Enrollment numbers were dwindling. Its financial health was in peril. Graduate’s debt to income ratios were high. Above all, the school was beleaguered by a controversial pending sale to a private company.

But the for-profit law school has rebounded and improved at an unexpected rate.

By making a series of tough choices under the leadership of President Ed Bell, the law school has improved its financial standing and attracted more students to its urban campus in downtown Charleston.

“The school is turning around quicker than I ever could have imagined,” Bell said. “This has really been a perfect storm for everything to go right.”

Most recently, Charleston Law was able to improve its Financial Responsibility Composite score, a yardstick used by the federal government for measuring a school’s financial health, from 0.6 to 2.6 in just two years.

The composite score reflects the overall financial health of a law school on a scale from negative 1.0 to positive 3.0. Schools with a score greater than 1.5 are considered financially responsible. Schools with less than 1.0 are not considered financially responsible and are in danger of losing access to federal financial aid funds under the Title IV program.
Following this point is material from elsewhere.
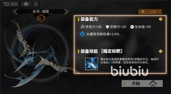 装备技能效果在一级的时候,可以在对敌人造成高额伤害的同时,还可以对其额外获得一层瞄定印记,该印记可以将本次伤害提高1%,三级的时候,这层印记所增加的伤害会提高1.3%,10级也就是最高级的时候,该印记可以直接对敌人额外造成2%的伤害。

The composite score is just one factor the Department of Education considers when determining a school’s is financial responsibility. The DOE also looks at whether schools are meeting all of their financial and debt obligations, as well as the size of cash reserves. To that end, Charleston Law has paid off a $6 million debt while avoiding a spike in annual tuition.

Charleston Law is improving in other areas, too. In the years since the law school withdrew from a pending sale to the for-profit law school consortium InfiLaw, first year enrollment has risen from 84 incoming students in 2015 to an estimated 220 in 2017. The school is also appealing its failing grade under the DOE’s gainful employment test, which measures graduates’ debt to income ratios.

“When the school was having such bad problems, there was such a feeling of potential loss,” Bell said. “The city of Charleston had wrapped its arms around it. Hundreds of people called wanting to help.”

Bell, who is new to academia, said he and the law school’s faculty are doing everything to safeguard Charleston Law from potential pitfalls. Bell frequently sits in on lectures and has become a student of higher education. In addition, the law school was also able to hire back professors who had been laid off in previous years — a move that will prove critical to Charleston Law’s success, Bell said.

Charleston Law is in the midst of transitioning from a for-profit institution to a nonprofit organization. The move will allow the law school to increase its scholarship offerings and cut student debt in half within five years, Bell said. The law school is also searching for a new campus in downtown Charleston. Obtaining non-profit status would facilitate this process as well.

“We need non-profit status to make the school truly work,” Bell said. “The idea of taking a profit or putting money back into the school is a real conflict, and we need to take that conflict out of the equation.”

Bell said it will take time to make the transition.